An actor should take lessons from a painter and a sculptor. For an actor to represent a Greek hero it is imperative he should have thoroughly studied those antique statues which have lasted to our day, and mastered the particular grace they exhibited in their postures, whether sitting, standing, or walking. Nor should he make attitude his only study. He should highly develop his mind by an assiduous study of the best writers, ancient and modern, which will enable him not only to understand his parts, but to communicate a nobler coloring to his manners and mien.—Goethe.
Admiration.—Admiration and love are like being intoxicated with champagne; judgment and friendship like being enlivened.—Johnson.

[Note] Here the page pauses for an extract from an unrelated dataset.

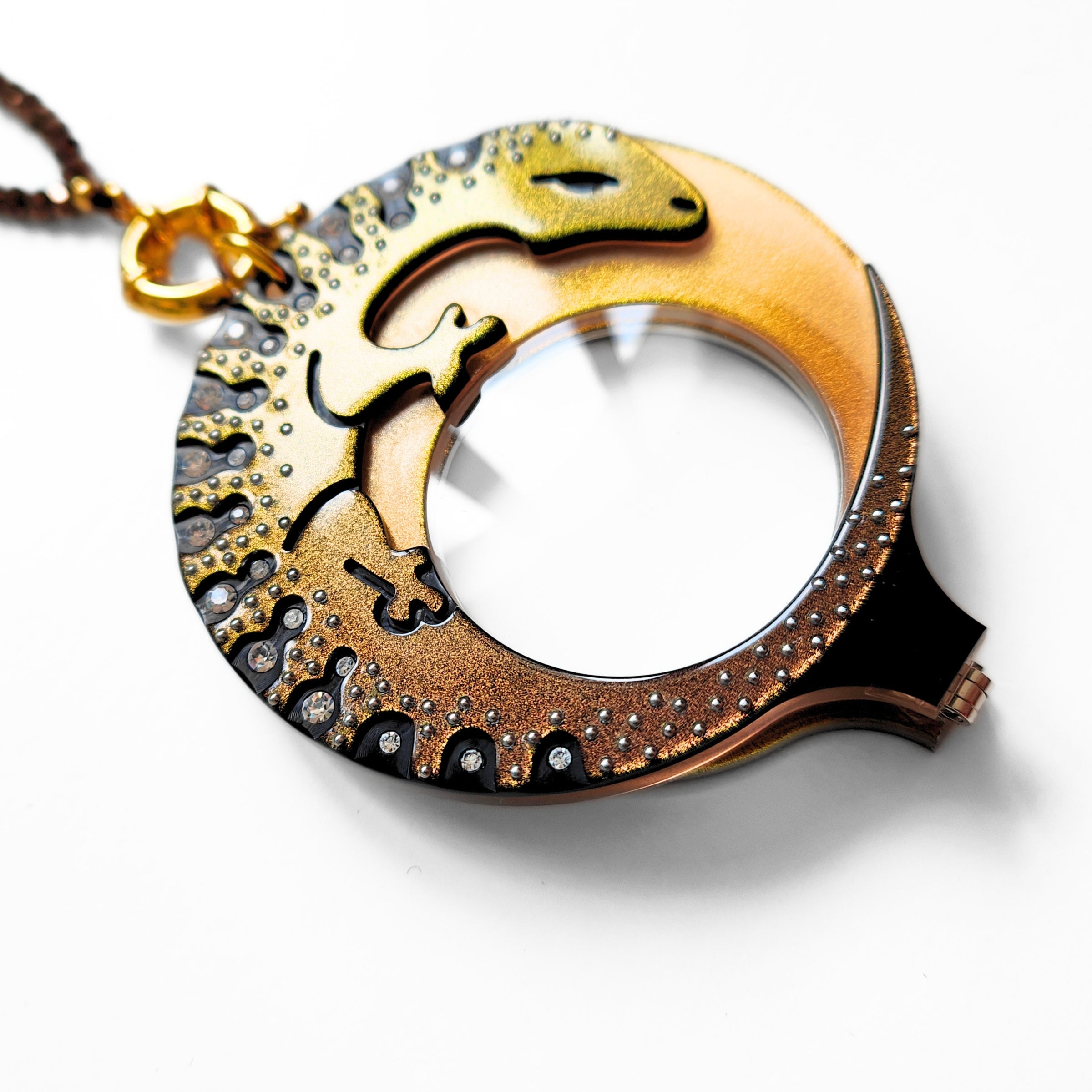 Las gafas presentan una forma circular tallada, con un lagarto ocelado ibérico que se enrosca sobre la lente. Fabricado en un material tornasolado en tonos rosa y verde, con detalles en negro tallado, aplicaciones metálicas y toques de strass brillante, el resultado es una pieza que mezcla misterio, artesanía y belleza natural.

Season your admiration for awhile.—Shakespeare.
I wonder whether the subtle measuring of forces will ever come to measuring the force there would be in one beautiful woman whose mind was as noble as her face was beautiful—who made a man's passion for her rush in one current with all the great aims of his life.—George Eliot.
Admiration is the base of ignorance.—Balthasar Gracian.

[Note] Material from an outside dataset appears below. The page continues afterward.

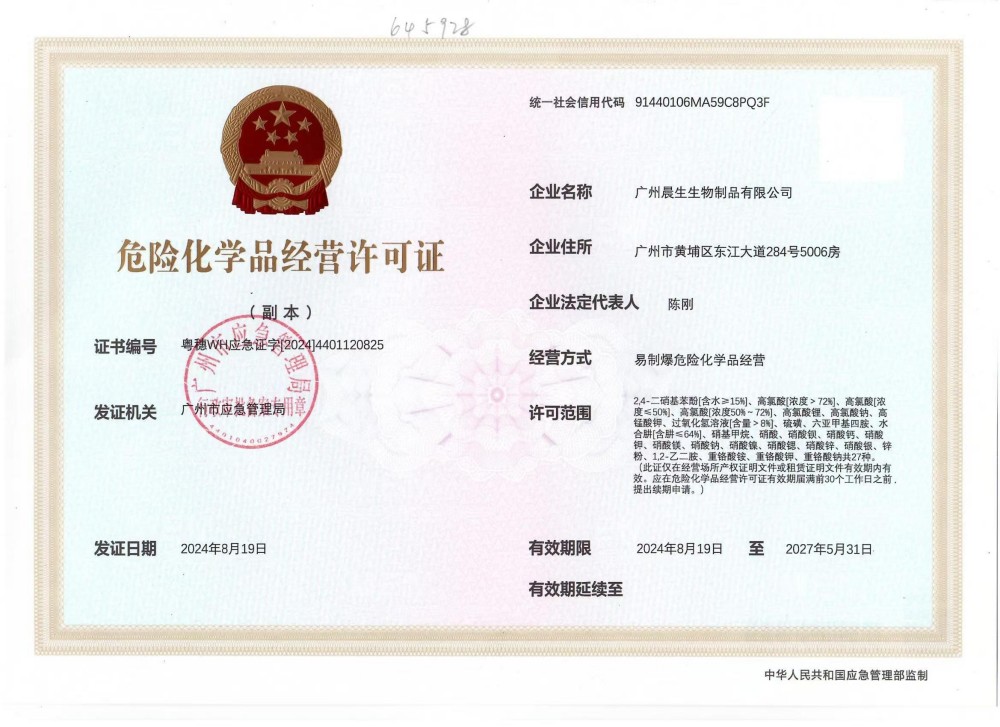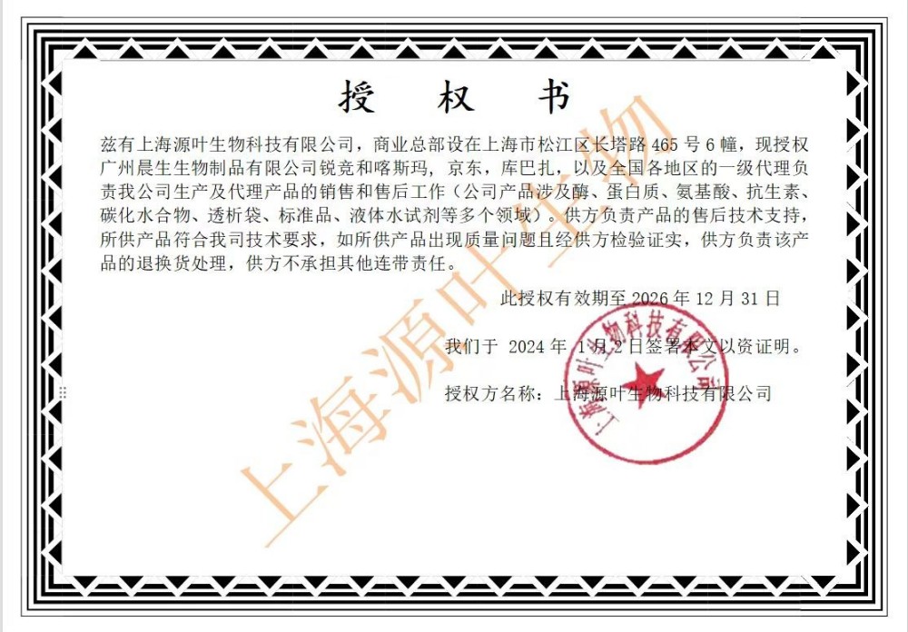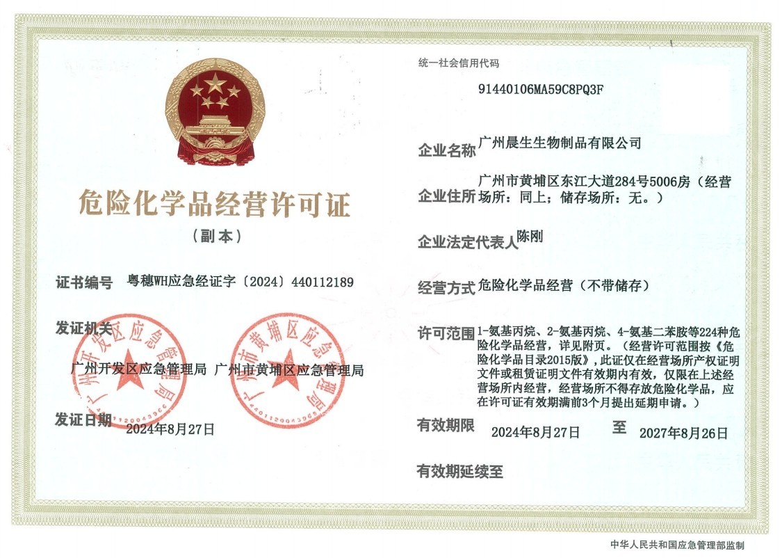 广州晨生生物制品有限公司(晨生生物)成立于2016年, 位于广州科学城,是专业从事生命科学领域科研耗材、试剂的提供商,提供环境、食品、科研试剂检验检测以及生物技术咨询、交流服务,致力于为生物实验室提供 全面、专业、高效的解决方案。晨生生物自成立以来,相继涉足不同领域,包括但不限于生物技术、生命科学、医疗检测、化工化学等领域,并已入驻锐竞、喀斯码等采购平台。

It is better in some respects to be admired by those with whom you live, than to be loved by them. And this not on account of any gratification of vanity, but because admiration is so much more tolerant than love.—Arthur Helps.

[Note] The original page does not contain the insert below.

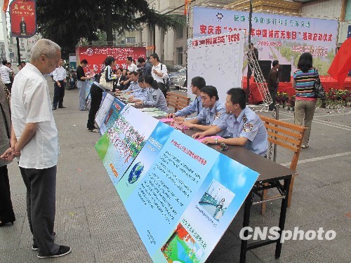 9月22日是“无车日”,安徽省安庆市举办“2009年中国城市无车日活动”,倡议广大市民,在“无车日”这一天,能够选择公交车、自行车、步行等方式出行,共同改善城市的人居环境。中新社发 艾裴 摄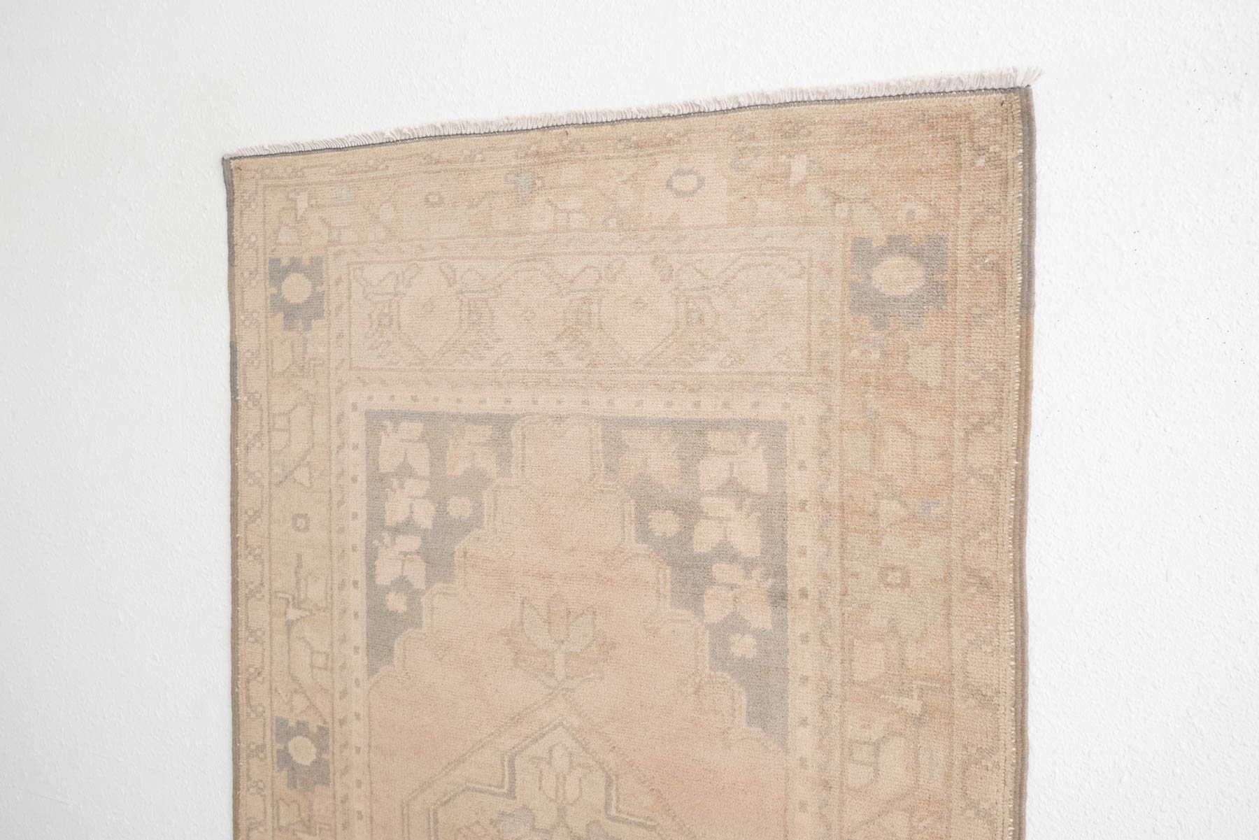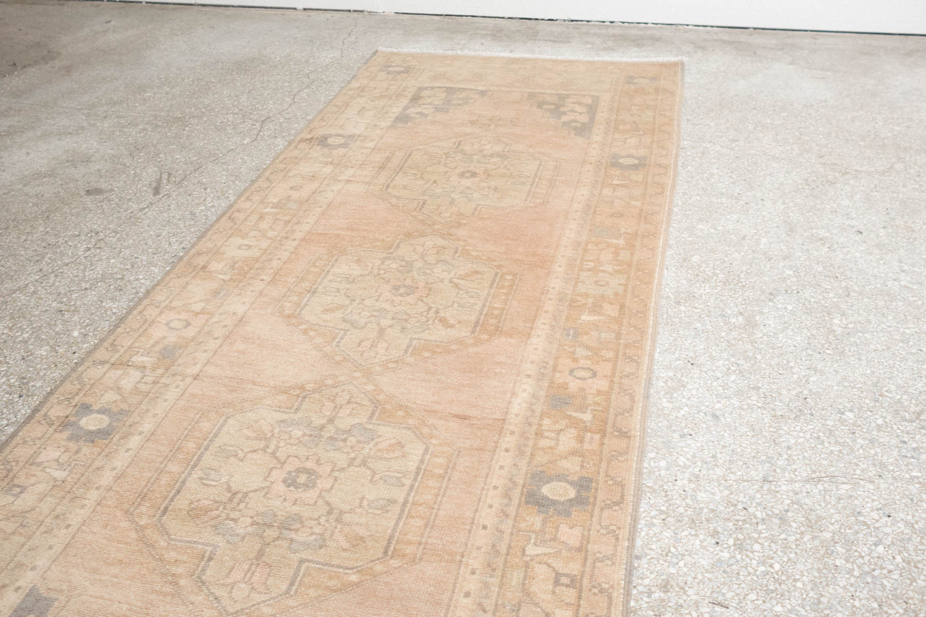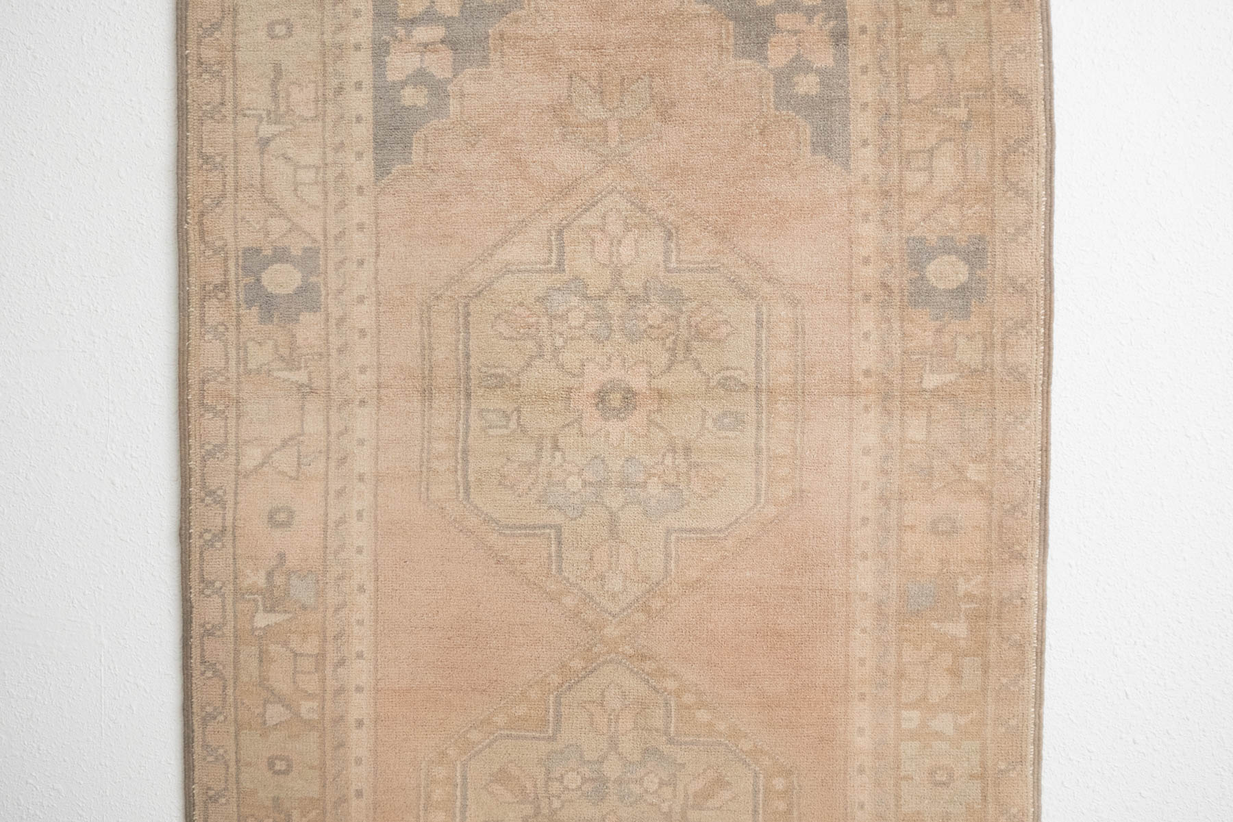 name: Devrimstyle: hand knotted, Turkish, sunwashed, rug, runner, carpetmaterial: woolcolors: pink, gray, mint, tan, camel, creamage: vintage condition: good, age related wear - see pictures

Admiration is a forced tribute, and to extort it from mankind (envious and ignorant as they are) they must be taken unawares.—James Northcote.
Adversity.—If adversity hath killed his thousands, prosperity hath killed his ten thousands; therefore adversity is to be preferred. The one deceives, the other instructs; the one miserably happy, the other happily miserable; and therefore many philosophers have voluntarily sought adversity and so much commend it in their precepts.—Burton.
Adversity borrows its sharpest sting from our impatience.—Bishop Horne.
Adversity is like the period of the former and of the latter rain,—cold, comfortless, unfriendly to man and to animal; yet from that season have their birth the flower and the fruit, the date, the rose, and the pomegranate.—Walter Scott.